> [WORK INSTRUCTIONS]: Using the material below, return exactly the lines between the one holding "AKP NGATIDJA SH.MH, Kapolsek" and the one holding "This lesson includes", inclusive, and no others.

> [PROVIDED INFORMATION]:
========================================================================

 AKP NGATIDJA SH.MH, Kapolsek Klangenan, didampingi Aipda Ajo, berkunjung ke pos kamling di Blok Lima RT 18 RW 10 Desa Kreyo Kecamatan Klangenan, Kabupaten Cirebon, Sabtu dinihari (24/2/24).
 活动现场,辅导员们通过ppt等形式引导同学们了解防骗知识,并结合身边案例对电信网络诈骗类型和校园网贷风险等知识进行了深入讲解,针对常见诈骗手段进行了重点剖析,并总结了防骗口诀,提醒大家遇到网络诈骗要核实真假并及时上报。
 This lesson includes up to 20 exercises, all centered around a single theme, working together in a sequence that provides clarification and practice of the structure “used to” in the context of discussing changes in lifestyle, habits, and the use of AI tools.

========================================================================

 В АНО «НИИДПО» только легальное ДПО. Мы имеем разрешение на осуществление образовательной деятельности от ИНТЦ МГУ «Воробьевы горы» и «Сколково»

========================================================================

> [COMPLETED EXERCISE]:
 AKP NGATIDJA SH.MH, Kapolsek Klangenan, didampingi Aipda Ajo, berkunjung ke pos kamling di Blok Lima RT 18 RW 10 Desa Kreyo Kecamatan Klangenan, Kabupaten Cirebon, Sabtu dinihari (24/2/24).
 活动现场,辅导员们通过ppt等形式引导同学们了解防骗知识,并结合身边案例对电信网络诈骗类型和校园网贷风险等知识进行了深入讲解,针对常见诈骗手段进行了重点剖析,并总结了防骗口诀,提醒大家遇到网络诈骗要核实真假并及时上报。
 This lesson includes up to 20 exercises, all centered around a single theme, working together in a sequence that provides clarification and practice of the structure “used to” in the context of discussing changes in lifestyle, habits, and the use of AI tools.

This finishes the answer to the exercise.